Часа через два колонна японцев достигла таёжной деревушки Чудиновка, где и остановилась на ночлег.  К закату стало ясно, что артиллерия уже не успеет прибыть туда до наступления темноты.  Ночных же переходов в России зимой японцы старались по возможности избегать.  Между тем, в соответствии с планом Ямады, выступить отсюда на село Сукромли отряд должен был не позже шести часов утра, чтобы ещё до полудня успеть выйти на подступы к нему.  Оставалось надеяться, что пушки всё-таки догонят отряд на марше.

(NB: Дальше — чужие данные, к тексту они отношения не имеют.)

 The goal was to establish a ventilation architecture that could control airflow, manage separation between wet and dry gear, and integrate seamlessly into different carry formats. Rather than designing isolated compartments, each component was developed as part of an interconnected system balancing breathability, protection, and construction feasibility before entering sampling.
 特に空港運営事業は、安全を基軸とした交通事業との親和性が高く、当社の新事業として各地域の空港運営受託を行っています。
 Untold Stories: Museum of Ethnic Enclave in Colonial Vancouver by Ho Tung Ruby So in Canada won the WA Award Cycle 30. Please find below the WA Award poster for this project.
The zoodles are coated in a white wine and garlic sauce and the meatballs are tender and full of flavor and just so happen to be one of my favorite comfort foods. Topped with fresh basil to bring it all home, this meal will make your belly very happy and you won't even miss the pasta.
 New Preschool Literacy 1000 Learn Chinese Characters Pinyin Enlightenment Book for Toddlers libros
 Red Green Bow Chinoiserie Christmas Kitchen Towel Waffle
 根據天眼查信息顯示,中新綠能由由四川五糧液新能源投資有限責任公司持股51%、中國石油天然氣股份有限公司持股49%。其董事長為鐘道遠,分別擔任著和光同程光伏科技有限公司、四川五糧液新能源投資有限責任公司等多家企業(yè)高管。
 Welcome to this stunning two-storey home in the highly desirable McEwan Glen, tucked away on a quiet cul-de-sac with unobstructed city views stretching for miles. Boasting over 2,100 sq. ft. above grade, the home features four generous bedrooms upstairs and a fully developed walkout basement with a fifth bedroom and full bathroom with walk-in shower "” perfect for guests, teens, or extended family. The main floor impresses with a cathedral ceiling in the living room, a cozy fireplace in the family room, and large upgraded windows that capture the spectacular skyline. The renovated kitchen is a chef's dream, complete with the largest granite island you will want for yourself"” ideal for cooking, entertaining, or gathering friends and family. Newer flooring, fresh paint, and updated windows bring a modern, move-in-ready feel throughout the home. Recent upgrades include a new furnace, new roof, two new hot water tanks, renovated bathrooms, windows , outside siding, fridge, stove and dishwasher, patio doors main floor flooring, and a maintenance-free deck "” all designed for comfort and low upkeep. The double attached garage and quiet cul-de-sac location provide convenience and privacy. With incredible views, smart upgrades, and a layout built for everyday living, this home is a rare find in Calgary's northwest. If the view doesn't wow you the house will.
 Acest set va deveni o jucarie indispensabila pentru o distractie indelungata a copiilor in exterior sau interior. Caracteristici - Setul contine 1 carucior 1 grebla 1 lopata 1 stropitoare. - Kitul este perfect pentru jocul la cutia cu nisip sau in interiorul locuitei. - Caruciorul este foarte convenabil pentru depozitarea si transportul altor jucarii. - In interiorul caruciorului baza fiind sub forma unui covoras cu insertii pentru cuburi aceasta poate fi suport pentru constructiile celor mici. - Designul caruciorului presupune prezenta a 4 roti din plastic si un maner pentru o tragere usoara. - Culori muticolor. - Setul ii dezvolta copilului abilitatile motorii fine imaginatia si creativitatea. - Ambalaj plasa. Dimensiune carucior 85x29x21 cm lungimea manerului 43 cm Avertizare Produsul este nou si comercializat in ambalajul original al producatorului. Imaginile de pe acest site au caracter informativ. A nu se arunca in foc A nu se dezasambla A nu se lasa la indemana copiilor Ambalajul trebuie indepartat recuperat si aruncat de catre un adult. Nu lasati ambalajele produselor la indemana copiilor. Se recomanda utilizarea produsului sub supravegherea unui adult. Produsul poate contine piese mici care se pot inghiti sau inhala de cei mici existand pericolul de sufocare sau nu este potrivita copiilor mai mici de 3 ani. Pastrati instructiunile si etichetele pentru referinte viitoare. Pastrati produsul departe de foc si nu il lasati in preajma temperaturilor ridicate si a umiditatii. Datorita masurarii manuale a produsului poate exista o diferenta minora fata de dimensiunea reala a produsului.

Беспокоило Танака и полное отсутствие известий от высланной им вперёд разведки отряда.  Не вернулся и никто из взятых ею возчиков, что, по мысли японского майора, почти исключало возможность гибели разведчиков, так как в этом случае хотя бы часть возчиков должна была вернуться назад.  Красные никогда не убивали простых крестьян, если не подозревали их в добровольном пособничестве белым и интервентам.  Возможно, думал он, разведывательный отряд, не обнаружив большевиков в селе Сукромли, проследовал дальше по их следам, а когда «сел им на хвост», уже не успел отправить посыльного с этим известием до наступления темноты.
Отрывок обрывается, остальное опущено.